(Data items)

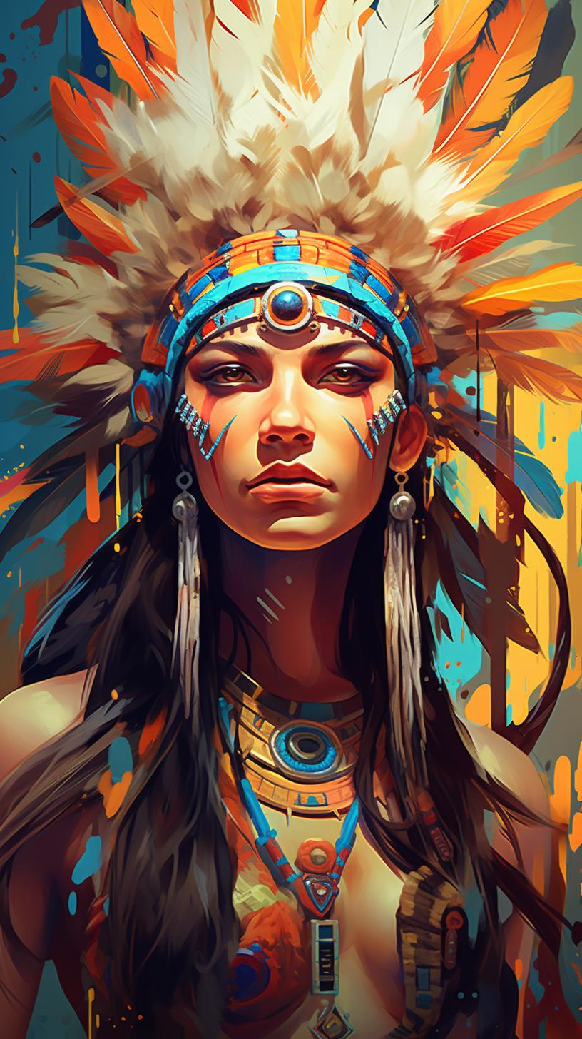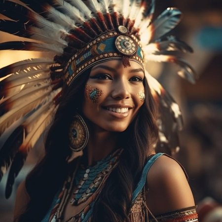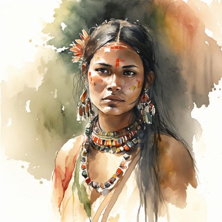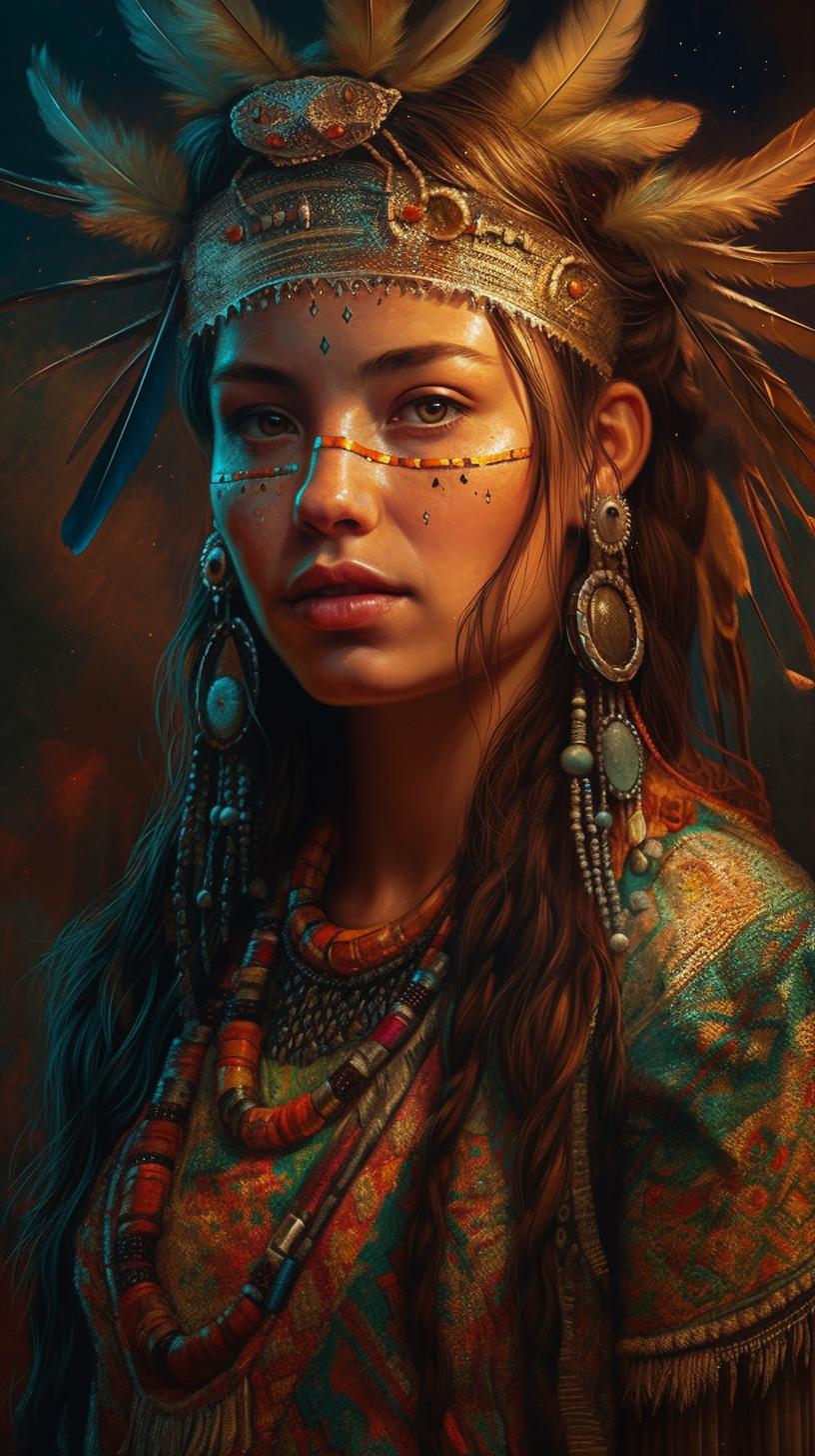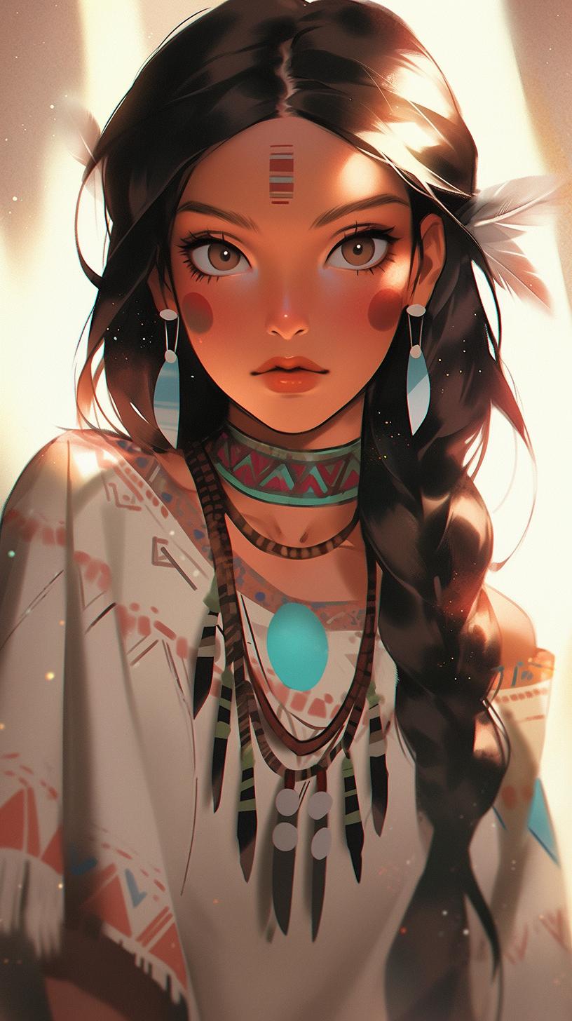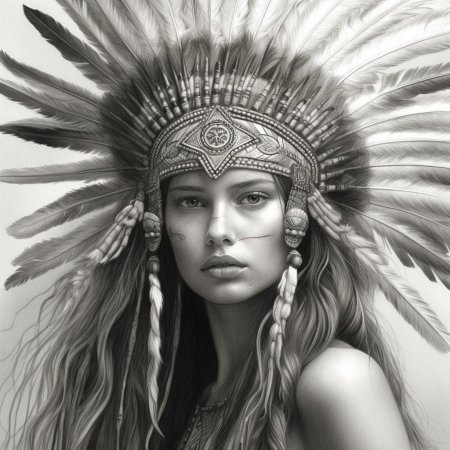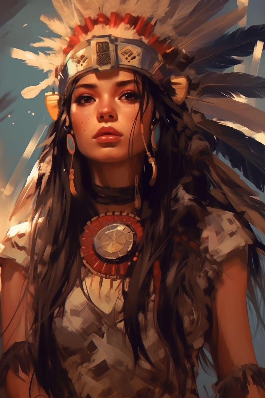 В мире, где традиции встречаются с современностью, индейская девушка становится мостом между прошлым и настоящим своего народа. Эта иллюстрация передает ее глубокую связь с природой - от перьев в волосах до узоров на одежде, каждый элемент рассказывает историю ее культуры. Художник передал атмосферу великих прерий и ощущение свободы, которое является частью мировоззрения коренных американцев. Композиция вдохновляет на уважение к культурному разнообразию и важность сохранения традиций.
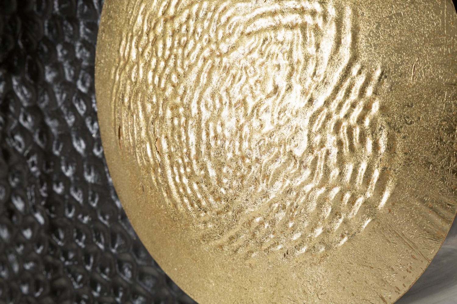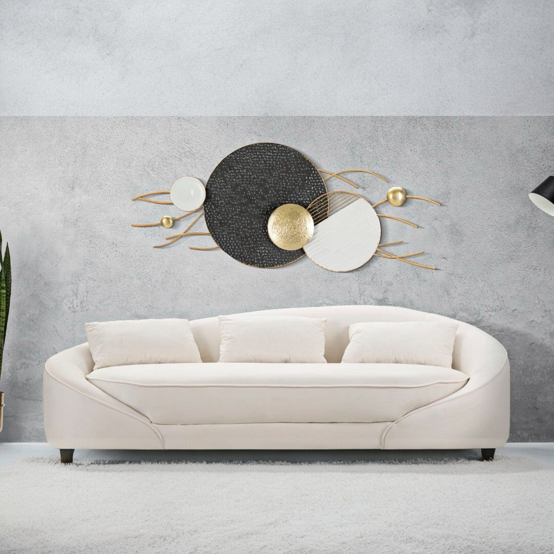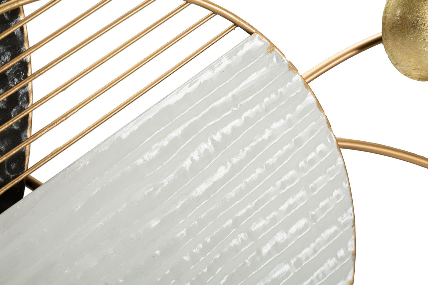 Un’opera dal carattere contemporaneo: questo quadro decorativo in metallo unisce forme circolari e linee dinamiche, creando un gioco visivo elegante e sofisticato. Le tonalità nero, bianco e oro donano luminosità e carattere a qualsiasi ambiente, rendendolo perfetto per soggiorni, ingressi o camere dal design moderno.
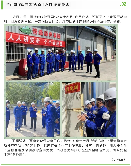 【安全生產(chǎn)月專欄】黃驊三陽(yáng)組織“總經(jīng)理帶頭講安全”活動(dòng)、重山思沃瑞開(kāi)展“安全生產(chǎn)月”啟動(dòng)儀式
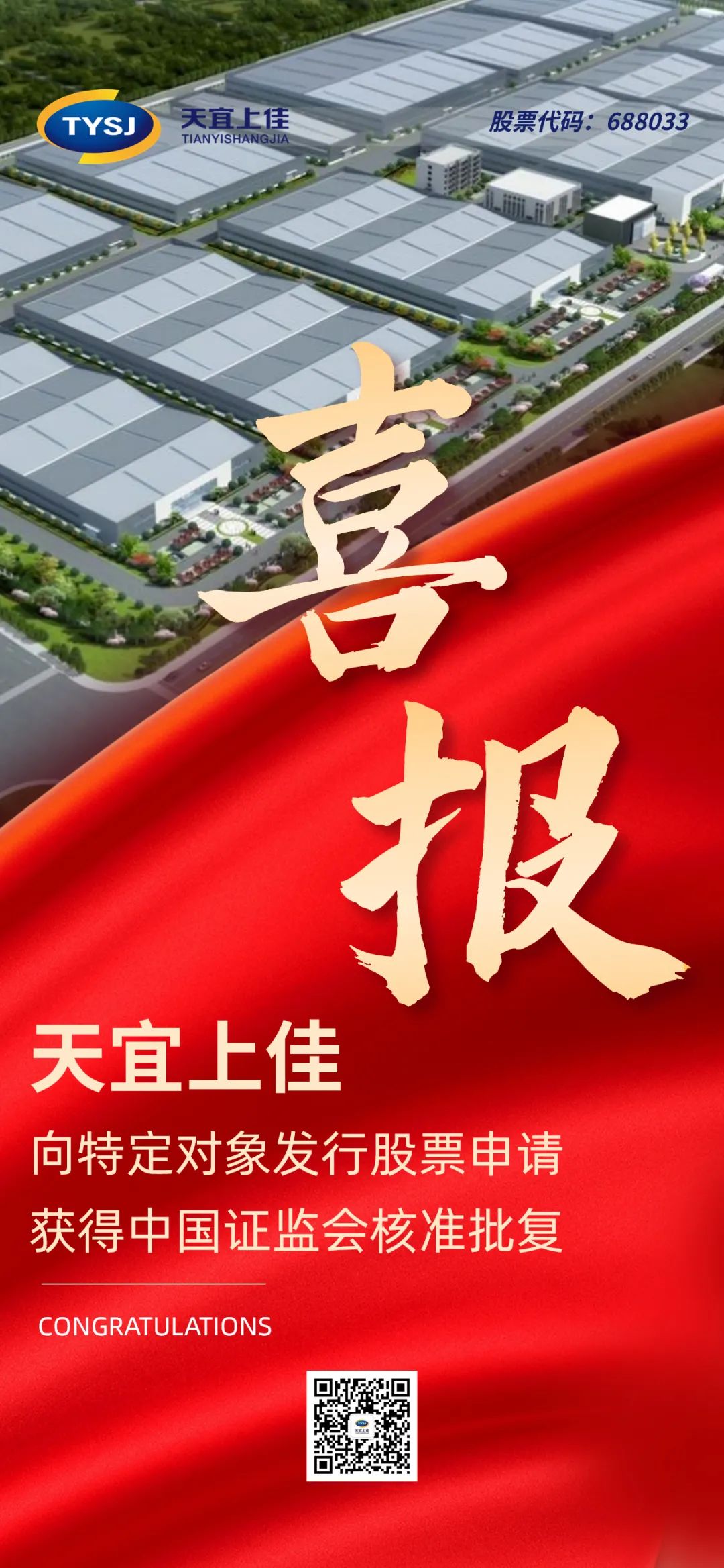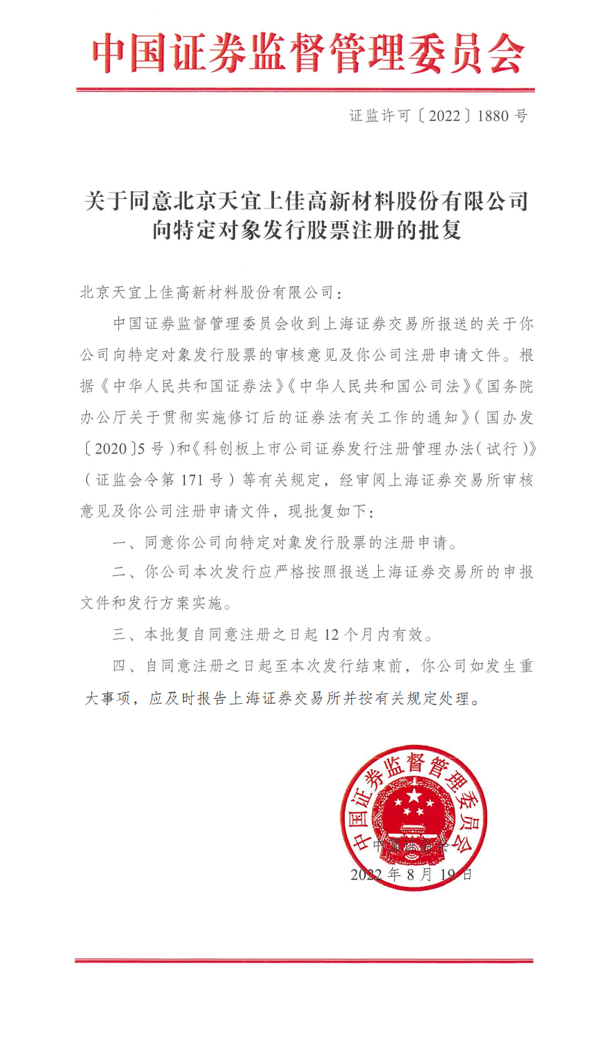 2022年8月30日,天宜上佳收到中国证监会出具的《关于同意北京天宜上佳高新材料股份有限公司向特定对象发行股票注册的批复》,公司定增事项正式获批!
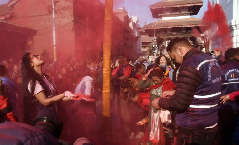 काठमाडौँ— काठमाडौंको बसन्तपुरमा रङ्गीचङ्गी ध्वजाले सजाइएको तीनतले चीर ठड्याइएको छ । यससँगै रङ्गहरुको पर्व होली सुरु भएको छ ।

Exercise requirements » The entries must be written out again unchanged. Images are to be left out.

Answer section »
 В мире, где традиции встречаются с современностью, индейская девушка становится мостом между прошлым и настоящим своего народа. Эта иллюстрация передает ее глубокую связь с природой - от перьев в волосах до узоров на одежде, каждый элемент рассказывает историю ее культуры. Художник передал атмосферу великих прерий и ощущение свободы, которое является частью мировоззрения коренных американцев. Композиция вдохновляет на уважение к культурному разнообразию и важность сохранения традиций.
 Un’opera dal carattere contemporaneo: questo quadro decorativo in metallo unisce forme circolari e linee dinamiche, creando un gioco visivo elegante e sofisticato. Le tonalità nero, bianco e oro donano luminosità e carattere a qualsiasi ambiente, rendendolo perfetto per soggiorni, ingressi o camere dal design moderno.
 【安全生產(chǎn)月專欄】黃驊三陽(yáng)組織“總經(jīng)理帶頭講安全”活動(dòng)、重山思沃瑞開(kāi)展“安全生產(chǎn)月”啟動(dòng)儀式
 2022年8月30日,天宜上佳收到中国证监会出具的《关于同意北京天宜上佳高新材料股份有限公司向特定对象发行股票注册的批复》,公司定增事项正式获批!
 काठमाडौँ— काठमाडौंको बसन्तपुरमा रङ्गीचङ्गी ध्वजाले सजाइएको तीनतले चीर ठड्याइएको छ । यससँगै रङ्गहरुको पर्व होली सुरु भएको छ ।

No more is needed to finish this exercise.